Volume 3 Supplement 7

Genetic Analysis Workshop 16

Open Access

Family-based analysis of a myocardial infarction endophenotype: comparison of sampling designs

  • Chengrui Huang1Email author,
  • Ke Li1,
  • Rose Saint Fleur1,
  • Su-Wei Chang1,
  • Seung Hoan Choi1,
  • Tong Shen1,
  • So Youn Shin1,
  • Stephen J Finch1 and
  • Nancy R Mendell1Email author
BMC Proceedings20093(Suppl 7):S120


Published: 15 December 2009


The power of linkage analysis of a quantitative disease endophenotype was compared for the following family selection designs: 1) Random samples: randomly chosen nuclear families, 2) "coronary artery calcification (CAC)" samples: selection of each nuclear family through a proband with abnormally high levels of the simulated quantitative endophenotype, CAC, and (3) "MI" samples: selection of each nuclear family through a disease affected proband, in this case a proband who had been simulated to have a myocardial infarction (MI) event.

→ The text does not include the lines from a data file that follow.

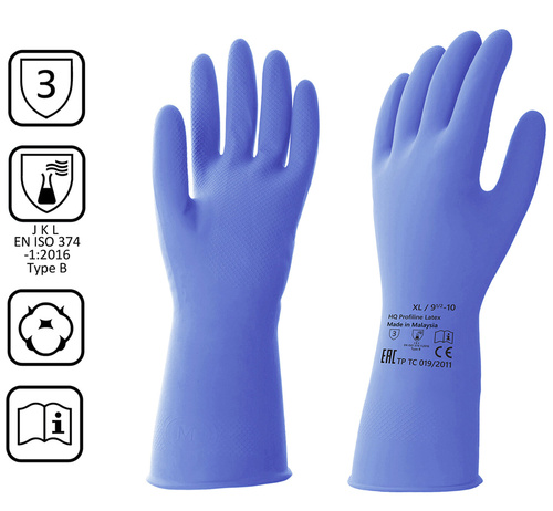 Перчатки латексные КЩС , HQ Profiline, сверхпрочные, плотные, хлопковое напыление
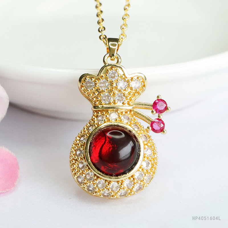 钰天然琥珀ペンダント血パー銭袋ネックレス古風宝飾工場卸売り代発HP4051604L
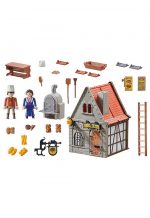 Medieval PLAYMOBIL bakery from the History range with baked goods, two PLAYMOBIL figures and many accessories.

We assessed the power to detect linkage to five loci (two pairs of epistatic loci and one locus with an over-dominant allele) that were modeled as determinants of the simulated CAC levels. We did this using a Haseman-Elston regression-based linkage analysis of the adjusted CAC levels that considered each locus separately and then used a multiple regression extension of the Haseman-Elston method in which we considered the allele sharing at two true epistatic loci simultaneously and their interaction as possible factors related to the squared sibpair differences in adjusted CAC.

Based on comparison of the mean square root of the LOD scores, there was no one sampling design that resulted in consistently greater power for these five loci. That is, we observed significant locus-by-sampling-design interaction (p < 0.0001). We noted however, that the largest average score was observed for the epistasis between τ3 and τ4 (mean > 1.8, SE = 0.06) in the MI-selected samples and the CAC-selected samples.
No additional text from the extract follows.